_What you will do:_ Give back the full listing, character for character, with no pictures.

_Exercise data:_
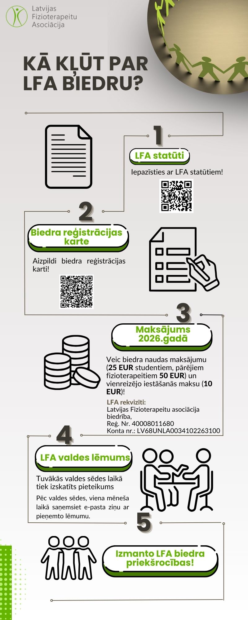 1. Lai kļūtu par Latvijas Fizioterapeitu asociācijas biedru, jāiepazīstas ar LFA statūtiem, LFA Privātuma politiku un jāaizpilda biedra reģistrācijas karte.
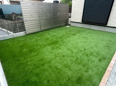 ィルム、立水栓、人工芝、目隠しフェンスを施工
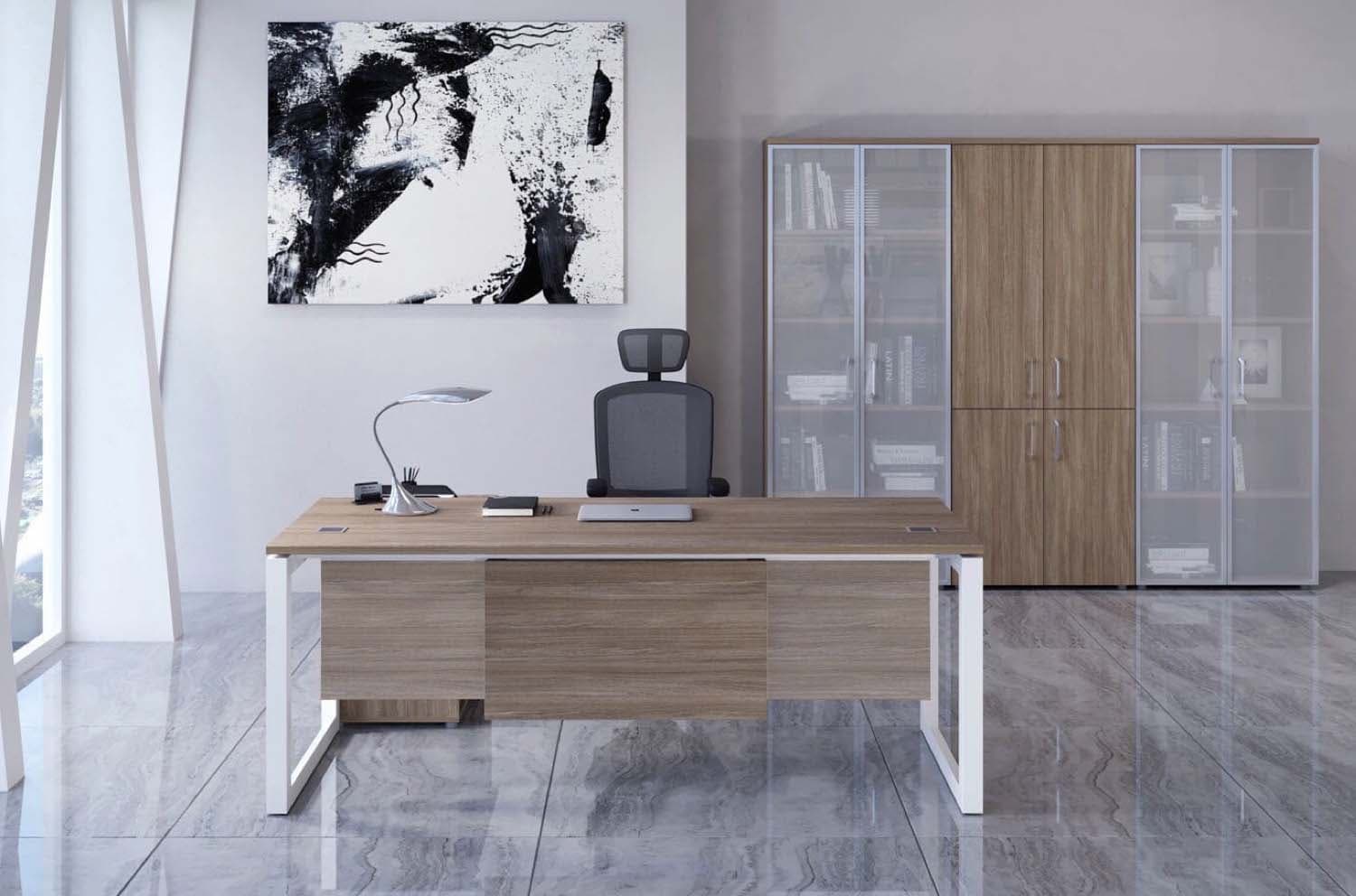 Стол руководителя на О-образном м/к (антрацит)
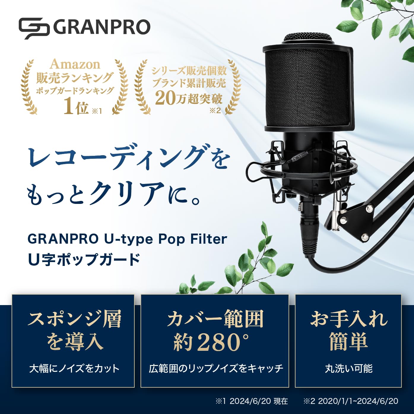 GRANPRO ポップガード ポップブロッカー 金属フィルター搭載 マイク ノイズ防止【スポンジ層搭載モデル】(リザード2) (黒色)
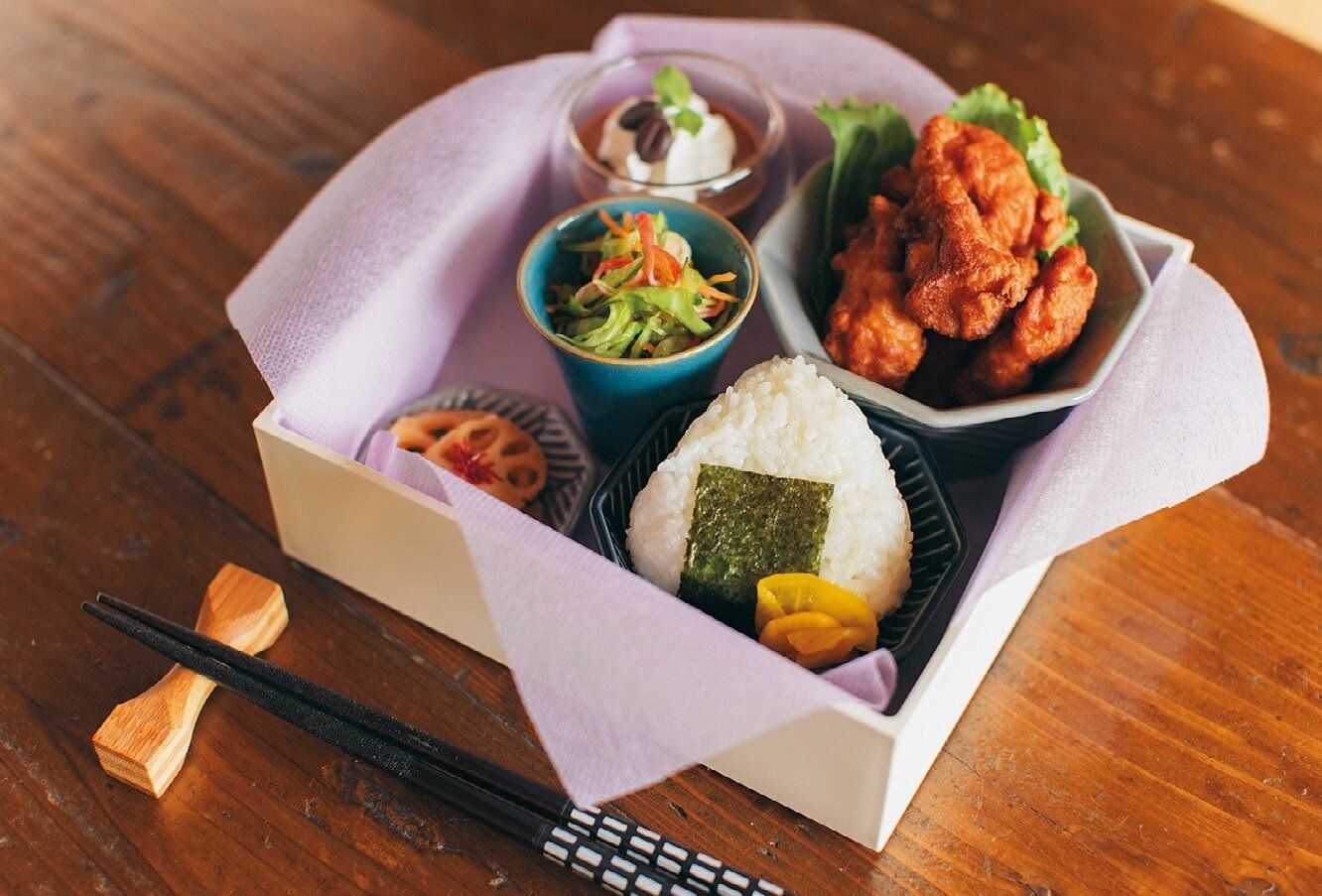 「環境が限定された船での食事は、目でも楽しんでもらえるよう、器を工夫していました」。いつものおかずも小鉢に分けて盛り付けたり、わっぱ弁当箱に詰めたりするだけで高級感がアップ!
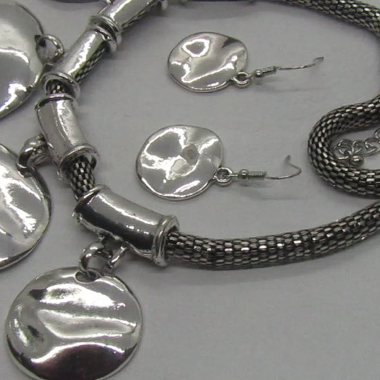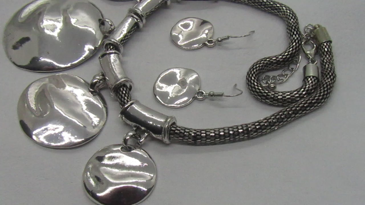 This fabulous silver necklace set has graduated silver drops that caress your neckline. Also, it comes with lovely silver matching earrings to finish off your statement. It makes the perfect gift for all those special people in your life. It also makes a perfect gift for yourself. Go ahead, you deserve it!! Comes in a gift box. Material: Antique Silver Tone / Lead&nickel Compliant , LENGTH : 17 1/4" + EXT• PENDANT : 2 1/8" X 2 5/8"• EARRING : 7/8" X 1 5/8"• SILVER
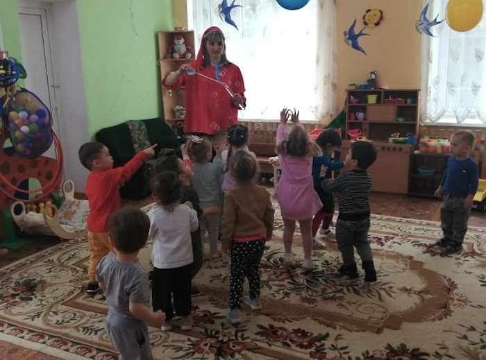 Детство… Как много смысла в этом слове! Как много прекрасного, чистого, светлого вызывает в каждом из нас это слово! Детство — это счастье, радость, смех, мечты, дружба! В группе раннего возраста «Малыш» в рамках тематической недели «Счастливое детство» мы с детками вместе играли в различные дидактические, строительные, сюжетно – ролевые игры. Итогом недели был «Праздник воздушных шаров». В гости к малышам пришел Петрушка (роль взяла на себя) с воздушными шарами и мыльными пузырями. Петрушка поиграл с ребятами в веселые игры, а также подарил воздушные шарики с которыми также все поиграли. Малыши весело и задорно провели время с Петрушкой.

_Answer to this problem:_
 1. Lai kļūtu par Latvijas Fizioterapeitu asociācijas biedru, jāiepazīstas ar LFA statūtiem, LFA Privātuma politiku un jāaizpilda biedra reģistrācijas karte.
 ィルム、立水栓、人工芝、目隠しフェンスを施工
 Стол руководителя на О-образном м/к (антрацит)
 GRANPRO ポップガード ポップブロッカー 金属フィルター搭載 マイク ノイズ防止【スポンジ層搭載モデル】(リザード2) (黒色)
 「環境が限定された船での食事は、目でも楽しんでもらえるよう、器を工夫していました」。いつものおかずも小鉢に分けて盛り付けたり、わっぱ弁当箱に詰めたりするだけで高級感がアップ!
 This fabulous silver necklace set has graduated silver drops that caress your neckline. Also, it comes with lovely silver matching earrings to finish off your statement. It makes the perfect gift for all those special people in your life. It also makes a perfect gift for yourself. Go ahead, you deserve it!! Comes in a gift box. Material: Antique Silver Tone / Lead&nickel Compliant , LENGTH : 17 1/4" + EXT• PENDANT : 2 1/8" X 2 5/8"• EARRING : 7/8" X 1 5/8"• SILVER
 Детство… Как много смысла в этом слове! Как много прекрасного, чистого, светлого вызывает в каждом из нас это слово! Детство — это счастье, радость, смех, мечты, дружба! В группе раннего возраста «Малыш» в рамках тематической недели «Счастливое детство» мы с детками вместе играли в различные дидактические, строительные, сюжетно – ролевые игры. Итогом недели был «Праздник воздушных шаров». В гости к малышам пришел Петрушка (роль взяла на себя) с воздушными шарами и мыльными пузырями. Петрушка поиграл с ребятами в веселые игры, а также подарил воздушные шарики с которыми также все поиграли. Малыши весело и задорно провели время с Петрушкой.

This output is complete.